• [Stored data]
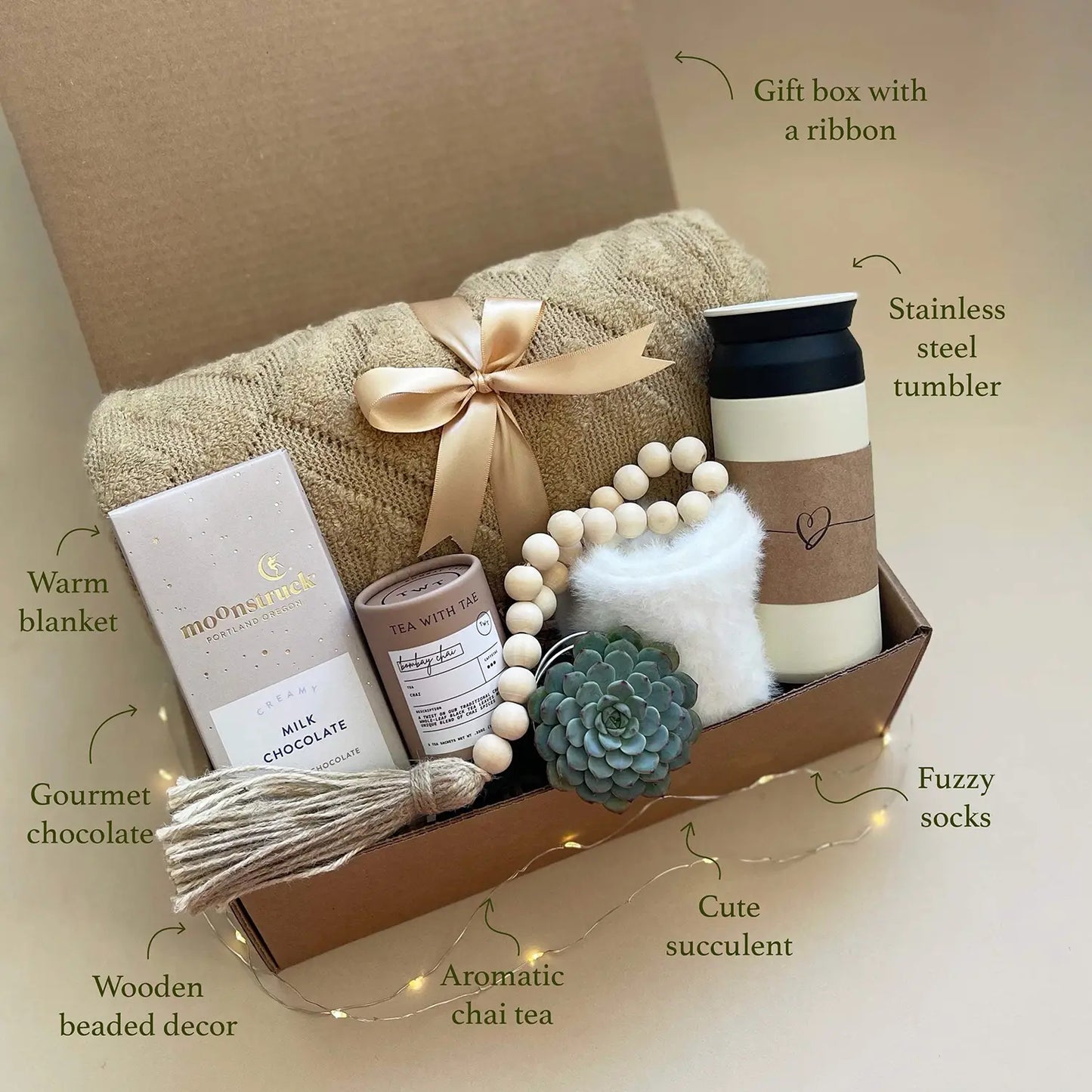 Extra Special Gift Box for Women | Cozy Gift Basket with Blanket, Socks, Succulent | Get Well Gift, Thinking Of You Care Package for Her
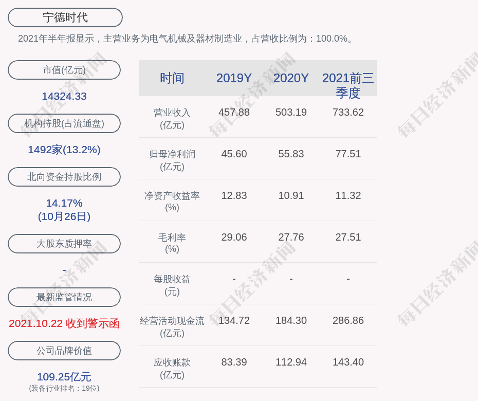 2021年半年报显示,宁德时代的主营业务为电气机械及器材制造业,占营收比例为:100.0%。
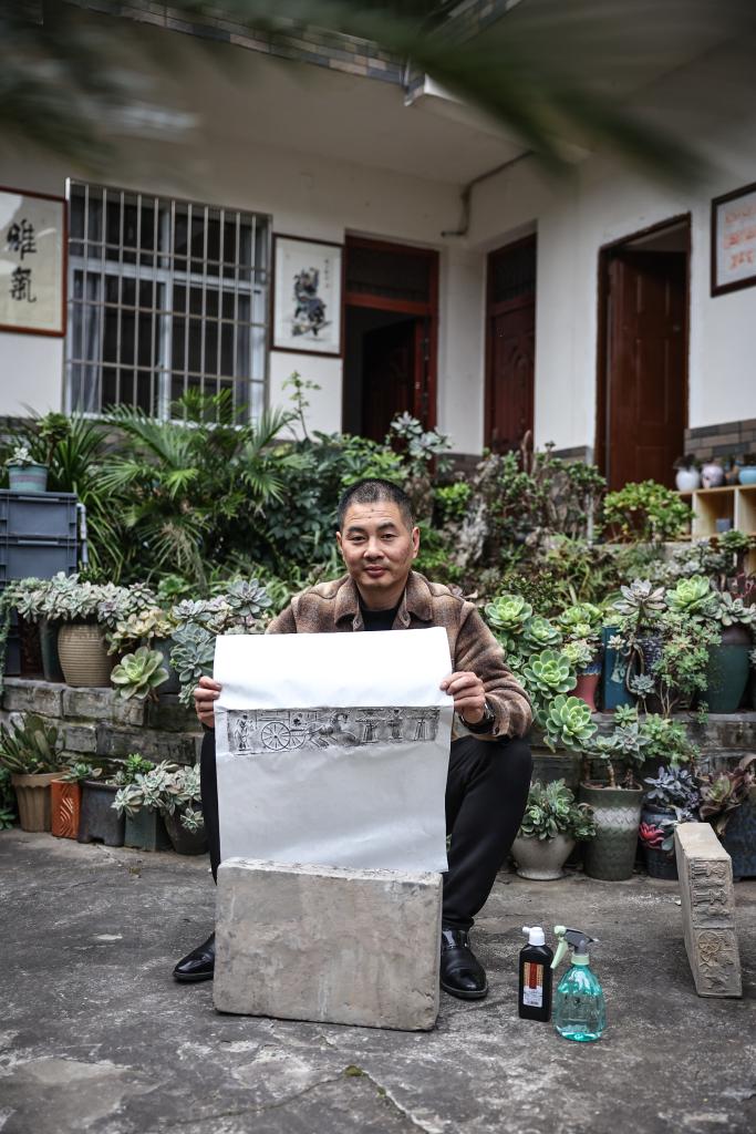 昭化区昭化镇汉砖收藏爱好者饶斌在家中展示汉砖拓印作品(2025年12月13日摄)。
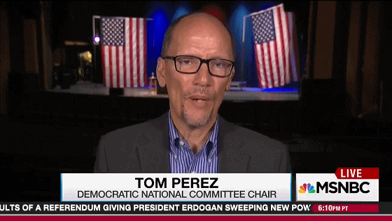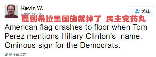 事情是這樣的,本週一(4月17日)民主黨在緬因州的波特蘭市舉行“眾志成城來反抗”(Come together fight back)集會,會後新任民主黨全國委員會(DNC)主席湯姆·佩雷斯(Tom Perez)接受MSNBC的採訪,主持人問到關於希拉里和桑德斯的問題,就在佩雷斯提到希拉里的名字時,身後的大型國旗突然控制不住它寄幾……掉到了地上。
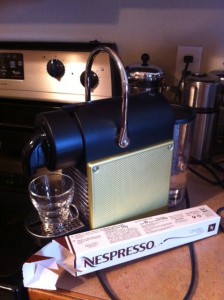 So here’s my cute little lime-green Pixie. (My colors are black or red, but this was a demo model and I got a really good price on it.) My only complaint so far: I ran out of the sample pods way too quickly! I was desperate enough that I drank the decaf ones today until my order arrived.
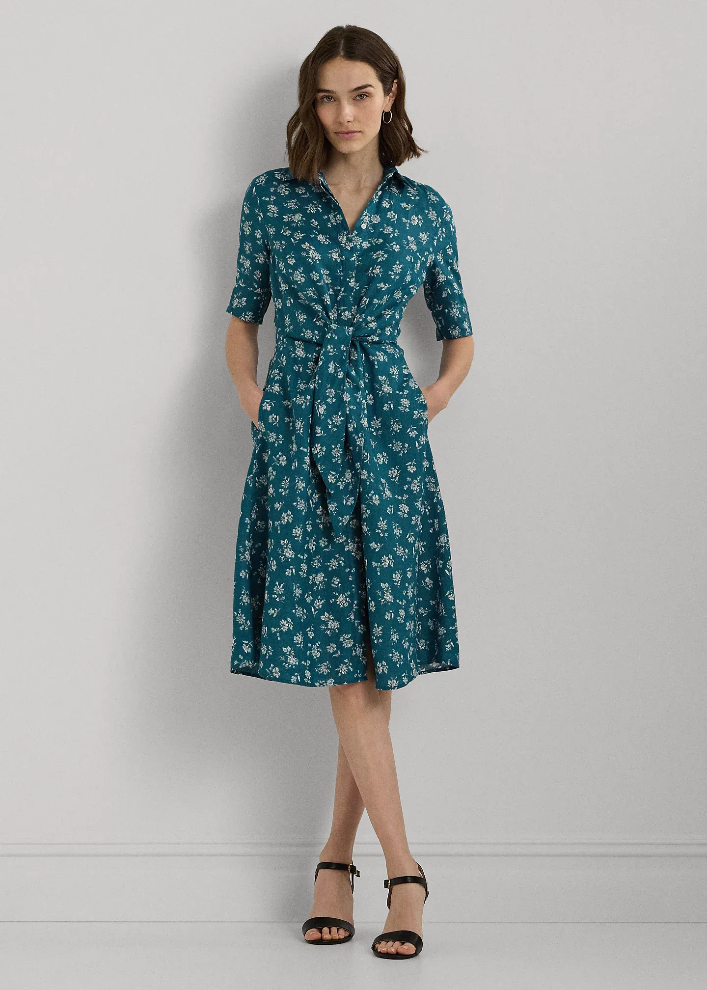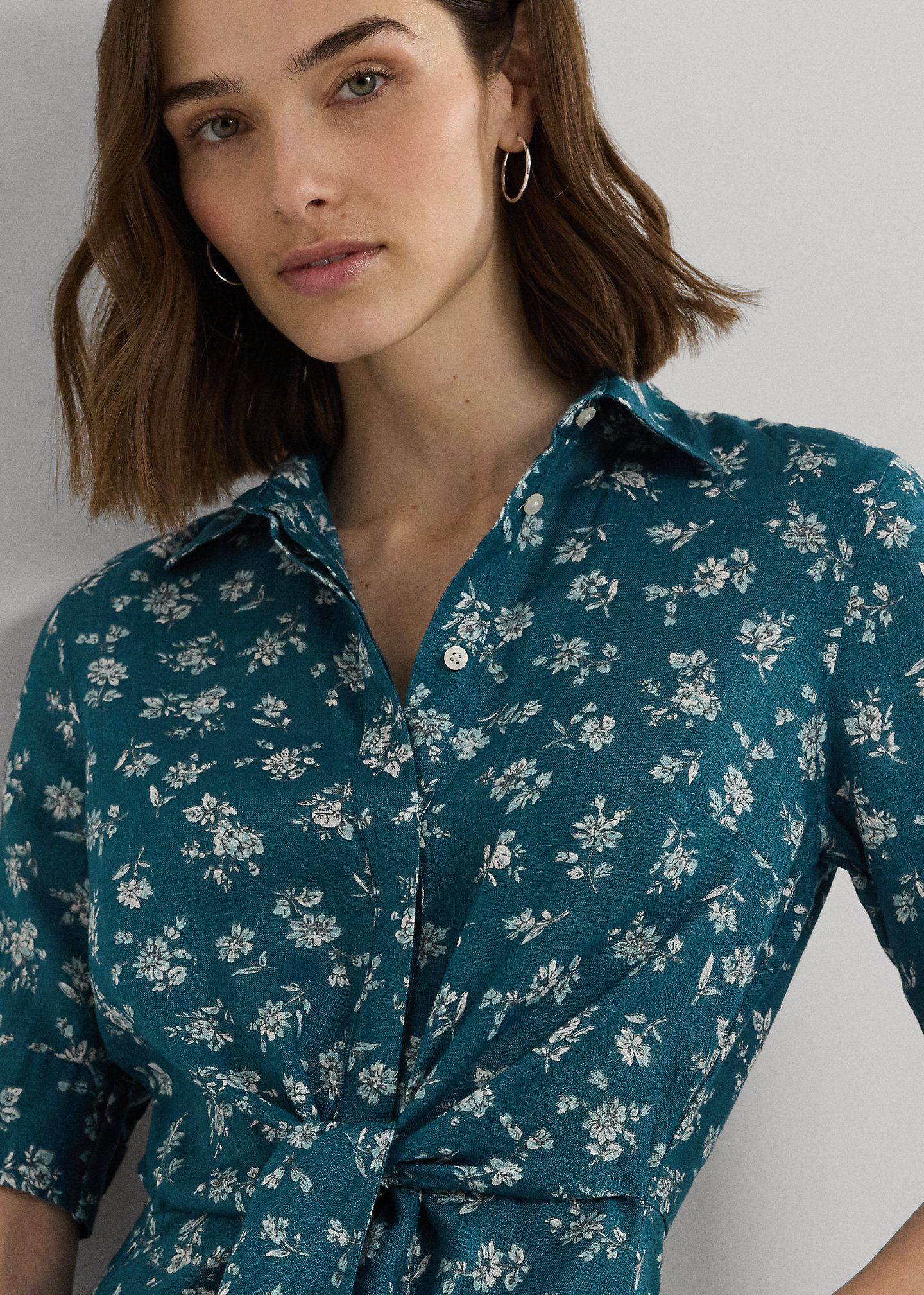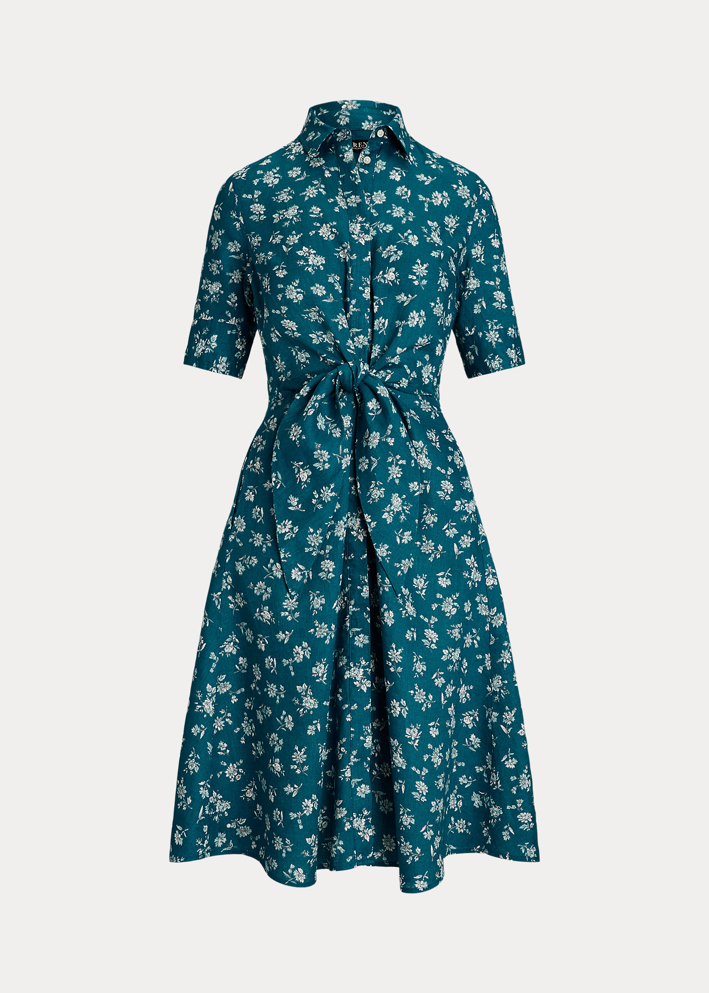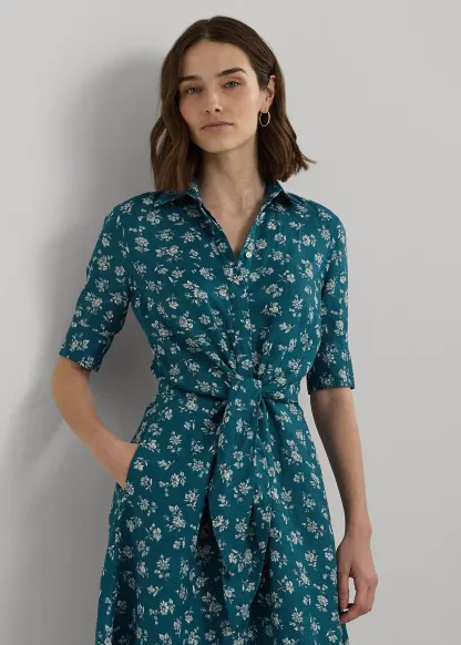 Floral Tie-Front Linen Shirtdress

...

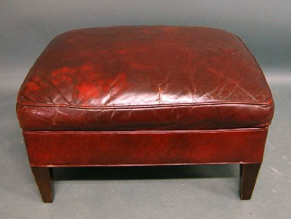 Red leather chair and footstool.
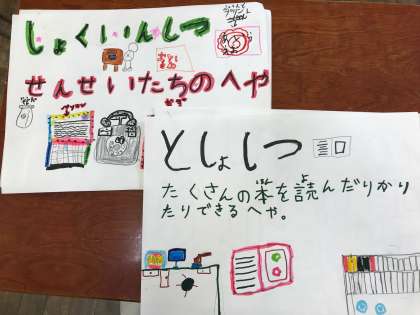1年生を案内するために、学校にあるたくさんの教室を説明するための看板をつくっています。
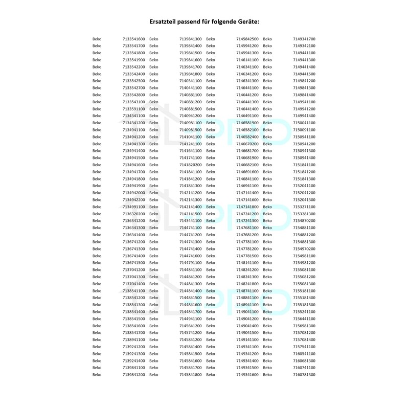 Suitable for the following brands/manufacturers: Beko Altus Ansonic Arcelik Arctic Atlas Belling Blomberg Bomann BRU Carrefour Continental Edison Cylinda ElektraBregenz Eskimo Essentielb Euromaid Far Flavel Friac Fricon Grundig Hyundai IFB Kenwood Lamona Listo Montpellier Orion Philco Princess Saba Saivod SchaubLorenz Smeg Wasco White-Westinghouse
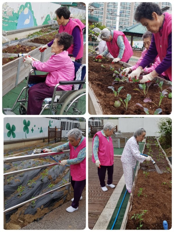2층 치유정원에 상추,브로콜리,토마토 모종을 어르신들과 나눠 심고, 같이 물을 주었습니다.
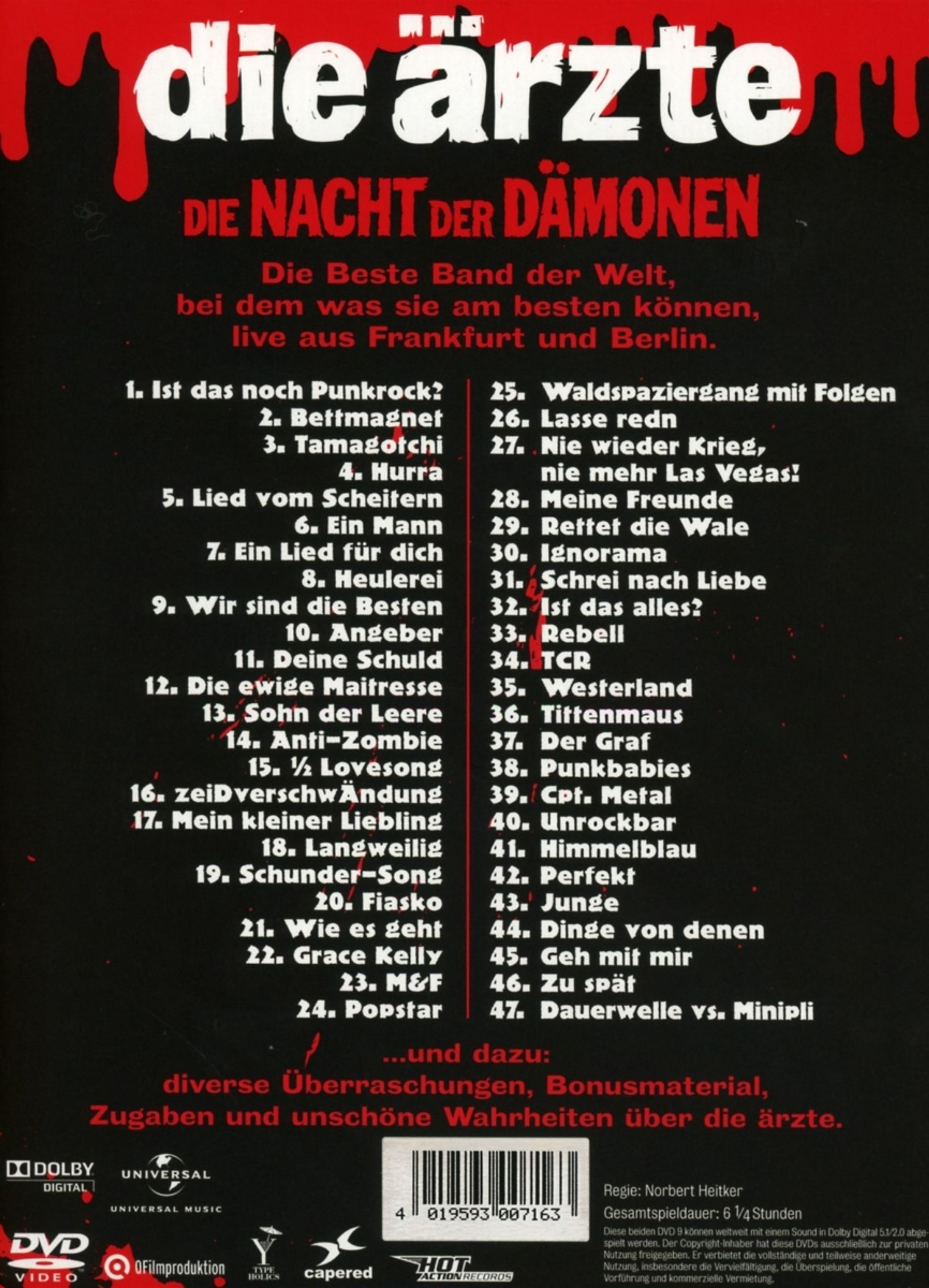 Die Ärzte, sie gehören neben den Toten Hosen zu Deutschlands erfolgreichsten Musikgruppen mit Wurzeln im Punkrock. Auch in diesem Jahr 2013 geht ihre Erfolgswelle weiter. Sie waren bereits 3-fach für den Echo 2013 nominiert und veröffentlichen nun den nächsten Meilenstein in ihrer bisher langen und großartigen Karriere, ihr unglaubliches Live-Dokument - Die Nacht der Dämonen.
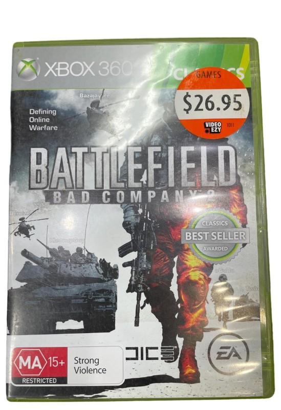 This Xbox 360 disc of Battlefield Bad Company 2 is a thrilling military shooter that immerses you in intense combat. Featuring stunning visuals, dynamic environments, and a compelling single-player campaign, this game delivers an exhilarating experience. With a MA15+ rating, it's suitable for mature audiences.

--

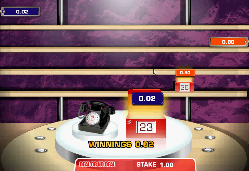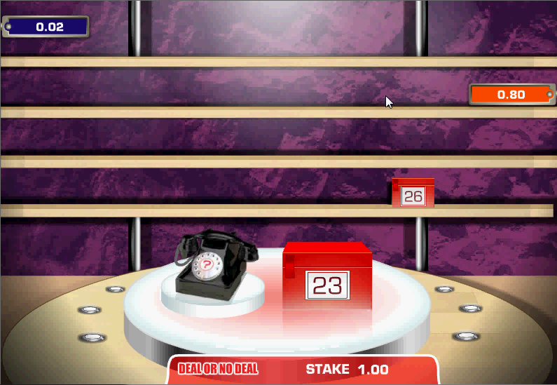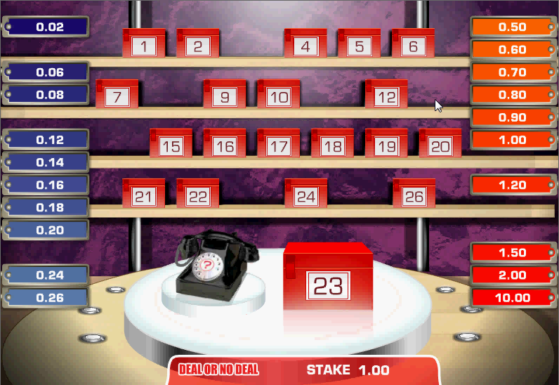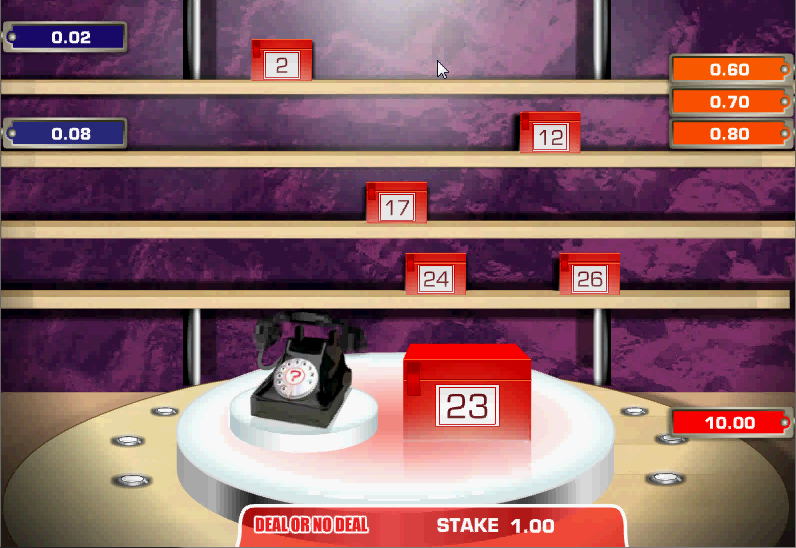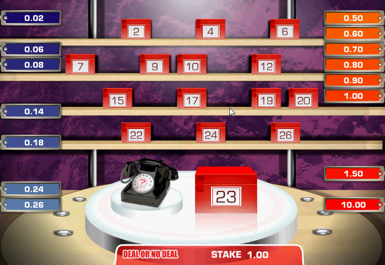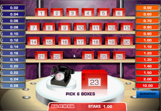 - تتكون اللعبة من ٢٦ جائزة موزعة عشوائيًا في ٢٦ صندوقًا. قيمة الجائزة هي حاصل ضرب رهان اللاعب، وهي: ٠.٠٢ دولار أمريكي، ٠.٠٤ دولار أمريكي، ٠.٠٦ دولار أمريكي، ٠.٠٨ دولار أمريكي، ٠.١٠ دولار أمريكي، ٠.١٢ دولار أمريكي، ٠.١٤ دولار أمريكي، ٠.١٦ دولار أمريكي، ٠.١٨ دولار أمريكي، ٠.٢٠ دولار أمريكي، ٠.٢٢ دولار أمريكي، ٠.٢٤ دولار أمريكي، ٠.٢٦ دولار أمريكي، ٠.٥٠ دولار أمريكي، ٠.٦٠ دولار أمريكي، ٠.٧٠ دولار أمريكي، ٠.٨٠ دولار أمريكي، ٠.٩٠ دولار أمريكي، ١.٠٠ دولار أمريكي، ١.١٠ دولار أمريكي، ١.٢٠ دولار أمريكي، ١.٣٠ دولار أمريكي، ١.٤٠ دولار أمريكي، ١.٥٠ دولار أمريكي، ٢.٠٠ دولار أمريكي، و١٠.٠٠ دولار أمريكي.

• [What needs to be done] Above this task is a listing with pictures in it. Retype only the lines from the one containing "Suitable for the" through the one containing "This Xbox 360", both included, and not the pictures.

• [Exercise response]
 Suitable for the following brands/manufacturers: Beko Altus Ansonic Arcelik Arctic Atlas Belling Blomberg Bomann BRU Carrefour Continental Edison Cylinda ElektraBregenz Eskimo Essentielb Euromaid Far Flavel Friac Fricon Grundig Hyundai IFB Kenwood Lamona Listo Montpellier Orion Philco Princess Saba Saivod SchaubLorenz Smeg Wasco White-Westinghouse
2층 치유정원에 상추,브로콜리,토마토 모종을 어르신들과 나눠 심고, 같이 물을 주었습니다.
 Die Ärzte, sie gehören neben den Toten Hosen zu Deutschlands erfolgreichsten Musikgruppen mit Wurzeln im Punkrock. Auch in diesem Jahr 2013 geht ihre Erfolgswelle weiter. Sie waren bereits 3-fach für den Echo 2013 nominiert und veröffentlichen nun den nächsten Meilenstein in ihrer bisher langen und großartigen Karriere, ihr unglaubliches Live-Dokument - Die Nacht der Dämonen.
 This Xbox 360 disc of Battlefield Bad Company 2 is a thrilling military shooter that immerses you in intense combat. Featuring stunning visuals, dynamic environments, and a compelling single-player campaign, this game delivers an exhilarating experience. With a MA15+ rating, it's suitable for mature audiences.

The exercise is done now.